Outre les mouvements de jeunesse majoritairement bourgeois, des organisations proches du mouvement ouvrier voient également le jour en Suisse vers 1900. À Zurich, de jeunes hommes se regroupent pour former l’association « Vereinigung gleichgesinnter Arbeiterjünglinge zum Zwecke der Belehrung und Freundschaft » (association de jeunes ouvriers partageant les mêmes idées dans un but d’enseignement et d’amitié). L’initiative est lancée par le pasteur social-démocrate Paul Pflüger. Outre l’éducation politique, cette association de jeunes hommes (« Jungburschenverein », comme on l’appelle en abrégé), attache beaucoup d’importance à la randonnée en groupe comme activité physique. Selon l’opinion répandue, de jeunes hommes en bonne santé doivent devenir de bons représentants de la main-d’œuvre.[4]
Les jeunes du mouvement « Evangelischen Jugendbewegung Freischar » (corps franc du mouvement de la jeunesse évangélique) , fondé en 1918, sont également engagés sur le plan politique. Le religieux socialiste Leonhard Ragaz, professeur de théologie et plus tard pasteur des pauvres, appelle les jeunes à penser et à voir autrement face aux expériences de guerre de 1914 à 1918. C’est pourquoi les membres du corps franc rejettent les structures fixes et s’engagent en faveur de la paix dans le monde. La convivialité, y compris la randonnée, et l’éducation politique jouent un rôle important pour eux. Ernst Schuler, qui noue très tôt des liens avec d’autres groupes de jeunes, fait également partie des adeptes : « Malgré la diversité des objectifs et des tâches fixés, il a été possible d’agir ensemble. »[5] Des jeunes issus d’organisations très diverses font non seulement bruler la littérature de « camelote », mais essaient aussi de se débarrasser du carnaval. Ces actions ont toutefois une courte durée de vie. En revanche, tout le monde aime la randonnée.
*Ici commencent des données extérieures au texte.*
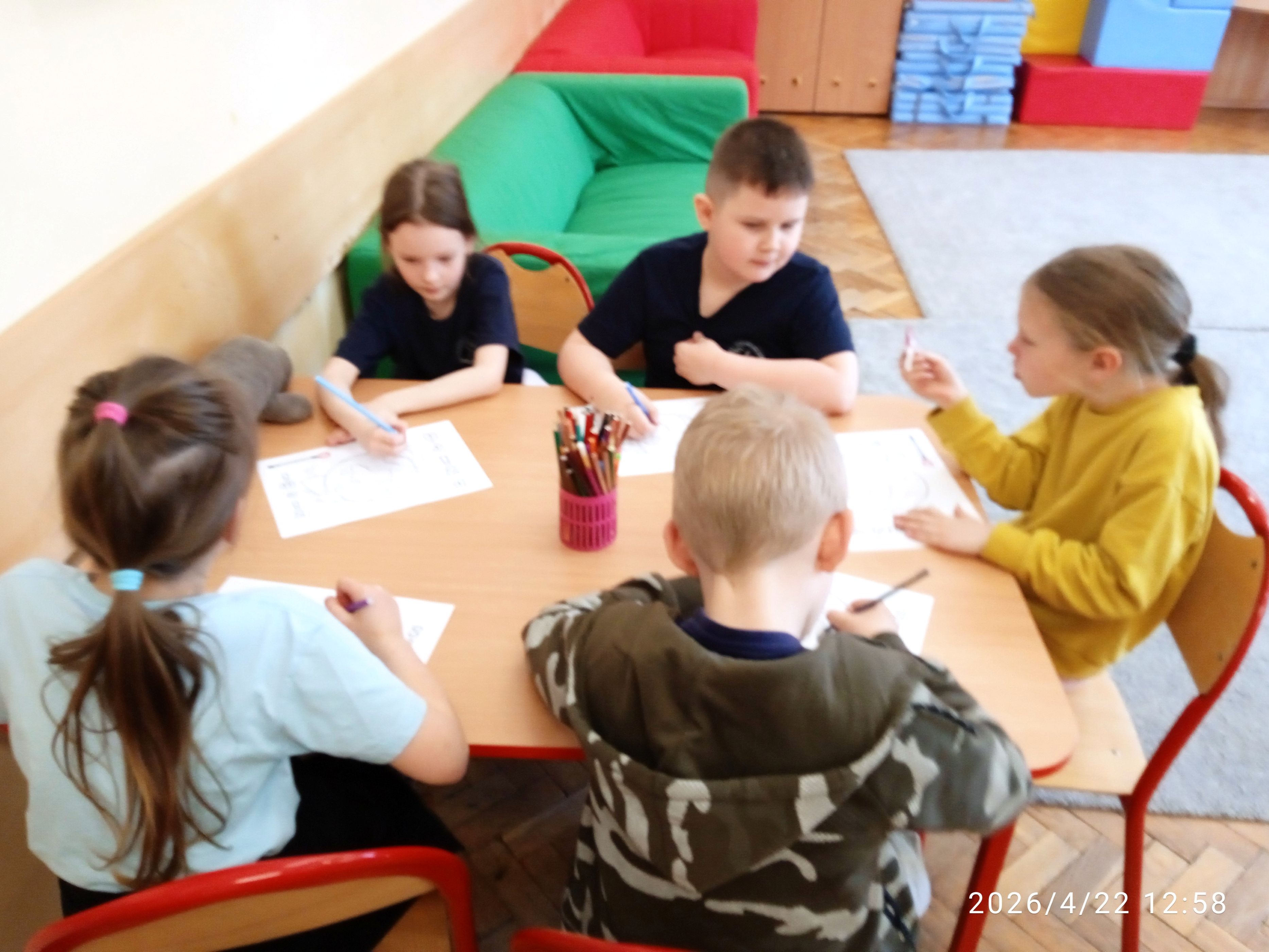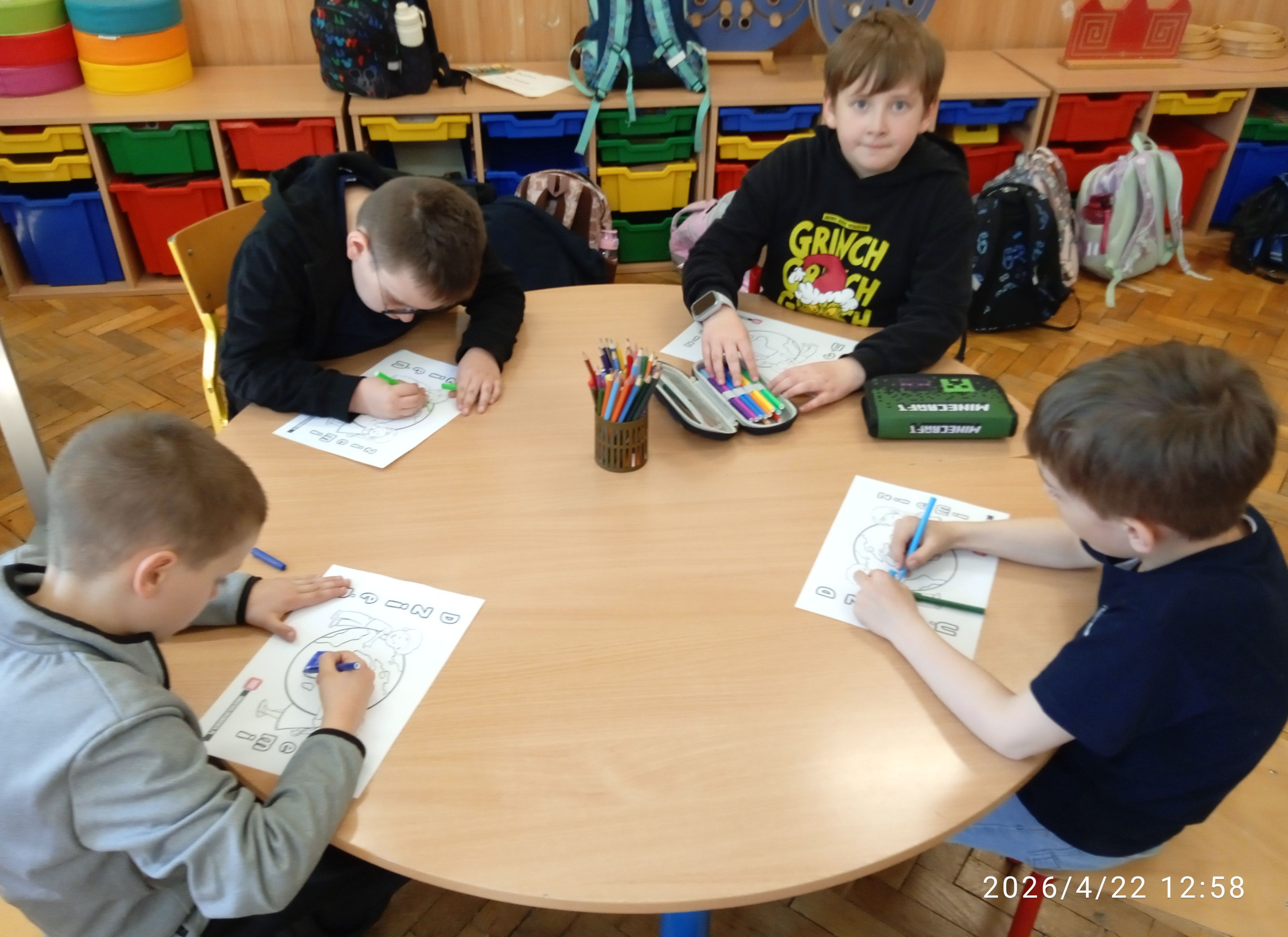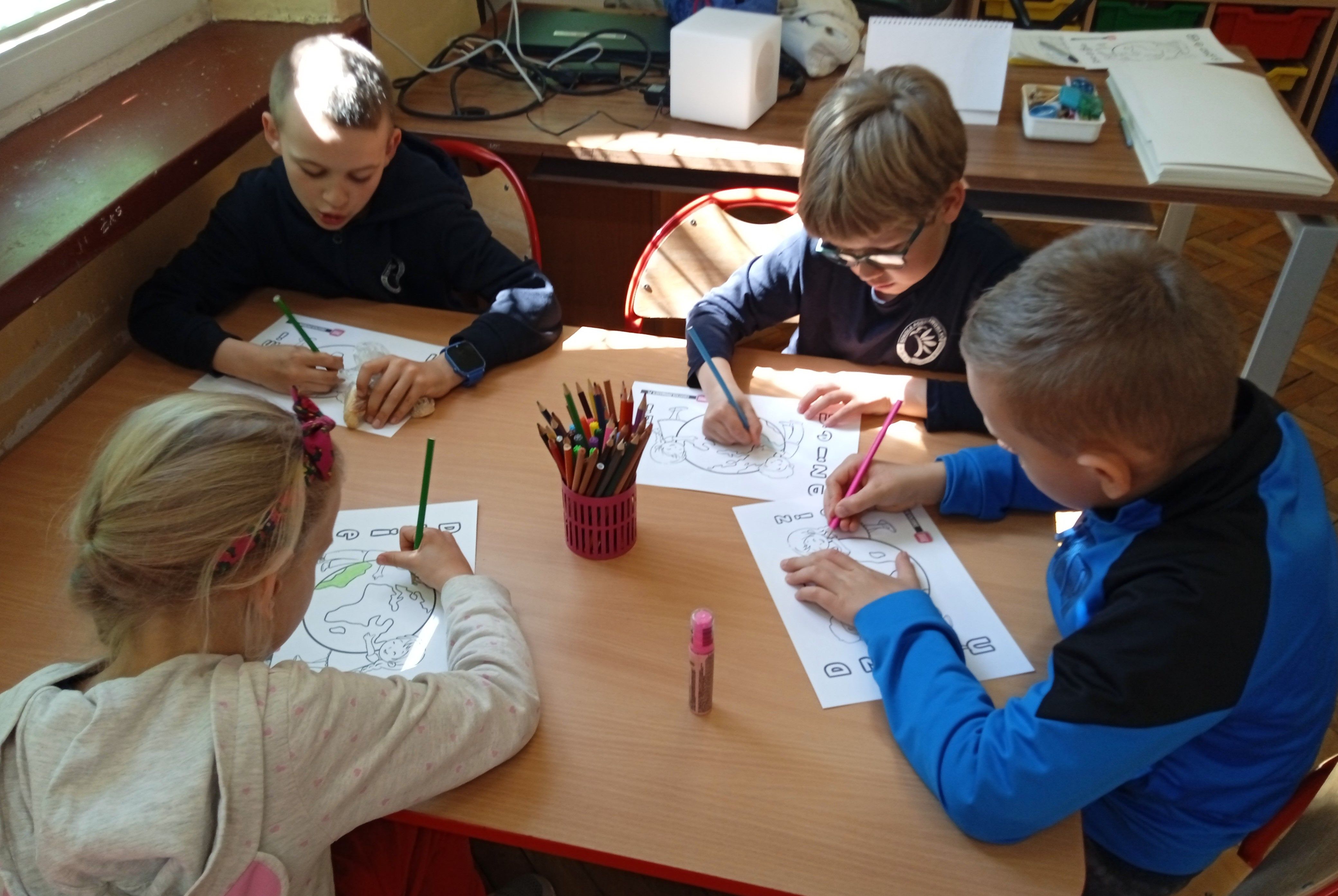 22.04.2026r. z okazji Międzynarodowego Dnia Ziemi klasa 1a zastanawiała się nad sposobami ochrony naszej planety i jej zasobów. Dzieci obejrzały edukacyjną bajkę z serii Karolek- "Dzień Ziemi". Stworzyły również piękne kolorowanki, które zdobią tablicę w naszej świetlicy.

[1] F.K. : Vom Wandervogel, Die Berner Woche in Wort und Bild : ein Blatt für heimatliche Art und Kunst, volume 6, 1916, p. 271. ((bwo-001_1916_6__995_d.pdf))
[2] F.K. : Vom Wandervogel, Die Berner Woche in Wort und Bild : ein Blatt für heimatliche Art und Kunst, volume 6, 1916, p. 271. ((bwo-001_1916_6__995_d.pdf))
[3] F.K. : Vom Wandervogel, Die Berner Woche in Wort und Bild : ein Blatt für heimatliche Art und Kunst, volume 6, 1916, p. 271. ((bwo-001_1916_6__995_d.pdf))
[4] Cf. Hardegger, 2017
[5] Pro Juventute, 1932 : Ernst Schuler, p. 276.